MysteriousZoologist's avatar
Could you make an echidna beetle grub
thomastapir's avatar
Nah, that's this one here:
jbodwell80668's avatar
Ah! the great and elusive Platypillar,
hunted far and wide for delicious flesh and exquisite beauty as a mantelpiece.
thomastapir's avatar
So few preparers know the proper gloss treatment for the bill!
vasix's avatar
Heck, that is very odd, but I think we should go with....


flatbilled platypillar (the same thing!!!) and....Platygnatherpeton mirabilis!!! :)
GrimKarasu's avatar
What sort of sizes are we considering for this sort of organism? If large enough, this could potentially become a predator form, adapting its venomous spurs into the posterior tentacles. Prey walks underneath and is jumped. Terrifying.

Also, on that note, have you heard of Australian "drop bears"? The last specie of carnivorous koala.
thomastapir's avatar
re: size--Man, that's a good question. You know, it's really hard for me to say...I was thinking that the head is orthodox platypus-size, so if the body is proportional that would make it...I don't know, maybe 3'/1m long? I wasn't really thinking of this guy as a predator, but that's a really cool idea! If the paedomorphic "larval" form is maintained into adulthood, who knows what kind of crazy directions it might evolve in.

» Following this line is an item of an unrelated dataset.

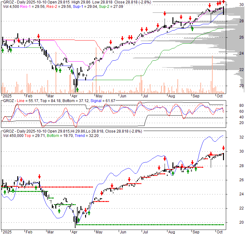 Price has closed below its short-term moving average. Short-term moving average is currently above mid-term; and above long-term moving average. From the relationship between price and moving averages: This stock is NEUTRAL in short-term; and BULLISH in mid-long term.[ GROZ ] has closed below the lower bollinger band by 0.2%. Although price has broken the lower band and a downside breakout is possible; the most likely direction for [ GROZ ] is to continue within current trading range. Bollinger Bands are 23.4% narrower than normal. The current width of the bands does not suggest anything about the future direction or movement of prices.

Ohhh, I have long experience with "drop bears"--I learned the hard way. That's why I always wear a Prussian helment when I'm out in the bush!
GrimKarasu's avatar
At least a metre, if we count the barbs/feelers. Creepy.

Well, if it stays the way it is, or even if it experiences neoteny, that's pretty cool. Buuuuut~...if it stays in keeping with the usual lepidopteran growth patterns, then the mature form...Giant. Platypus. Butterfly. Predator.

thomastapir's avatar
It will suck your blood--with a long, sticky proboscis!! All flesh is but flowers to them. :no:
GrimKarasu's avatar
What sort of cocoon would this thing have?
thomastapir's avatar
Man, that's a good question...How about something like a butterfly chrysalis, but huge, and covered with short brown fur? Now THAT would be creepy!
GrimKarasu's avatar
Or what if it curled up into a ball, and its cocoon was its wings? After so much time, the tissue would split into these two big, leathery, ragged wings...but nah, i'm thinking too much "bat" now...
thomastapir's avatar
No man, I could totally see it! There's obviously such radical transphyleticism going on here that just about anything is possible.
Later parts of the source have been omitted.